Friday, March 1, 2013

Mostly Other People Do the Killing, Slippery Rock!

No other group out there can match Mostly Other People Do the Killing for over-the-top, madcap ensemble jazz that manages to convey strongly a sense of good-natured snideness. Not since the classic days of the Art Ensemble of Chicago has there been a band that makes excellent, advanced jazz and nevertheless has a humorous side that takes a loving jab at the music as it happens to exist right now.

Slippery Rock! (Hot Cup 123) is their latest, a send up of smooth jazz that is just so good that it does not scream "parody" as much as uses it as a stepping stone to some beautiful playing.

In its two-horn front line of Peter Evans, trumpet, and Jon Irabagon on saxes and flute, it has some of the very best of the younger players, really astounding cats who absorb tradition and make it something very much their own, and funny too when they choose to be so. The rhythm section of Moppa Elliott, bass, and Kevin Shea, drums, has tremendous vitality and thrust, great ideas, and the ability to go in and out on the turn of a dime, so to say.

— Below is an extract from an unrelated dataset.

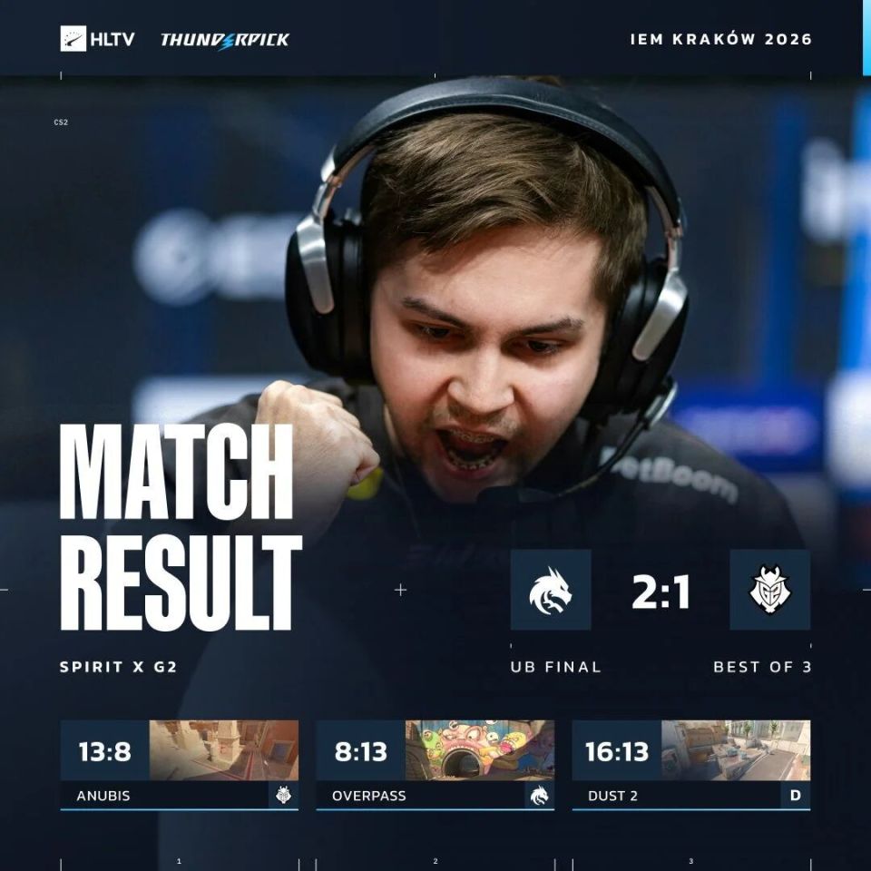 胜者组决赛:Spirit 2-1 G2,晋级四强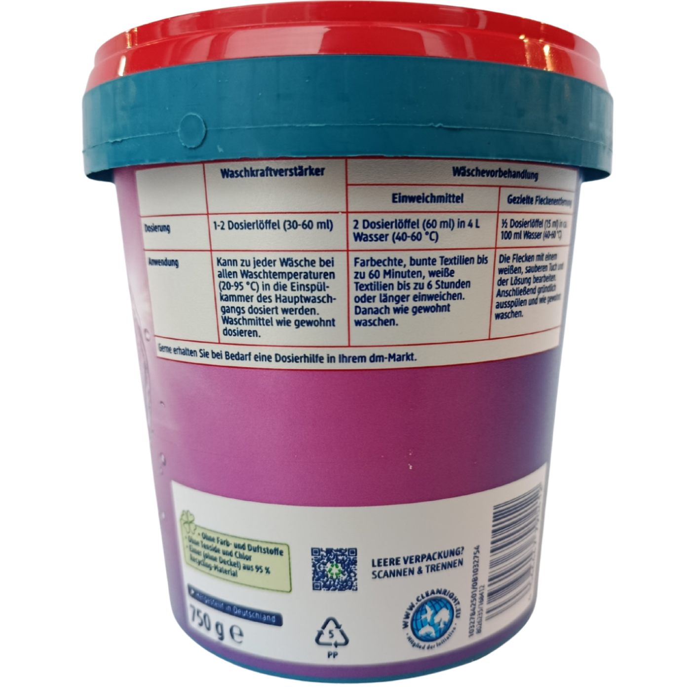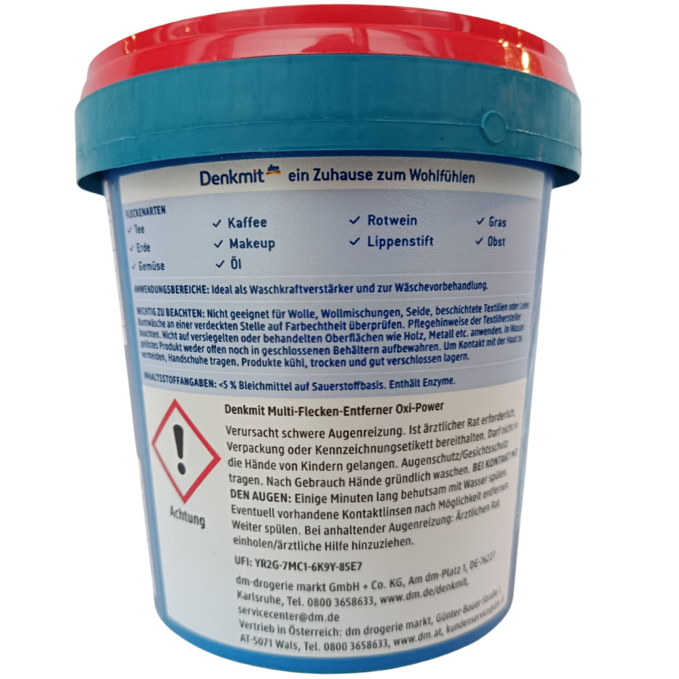 Multi-Flecken-Entferner Oxi Power – потужний плямовивідник від Denkmit, який містить активний кисень, тому легко видалить навіть застарілі і важкі плями, не пошкоджуючи тканину. Його використовують в якості додатку до основних миючих засобів, що ще більше посилює дію. В залежності від забруднення, додайте 1-2 мірні ложки плямовивідника під час звичного циклу прання.

Moppa writes all the music and it's excellent. It gets some corking good jabs in there at the same time, taking the standard, sometimes rather weak hard bop derived funkiness of the smooth crowd and transforming it, giving it lots of balls and a big horse laugh in there somewhere too. The band plays it all with such exuberance, it's as if either you or they will soon explode, with joy, with irreverance, with glee, and it's not clear if you or the band will be spontaneously combusting first!

That's probably all I need to say about this album. Mostly Other People Do the Killing are central. They are important. And they can smoke you like nobody out there, almost nobody anyway. This new one will get you into the ozone and all with some great good-humor-man bells and popsicles!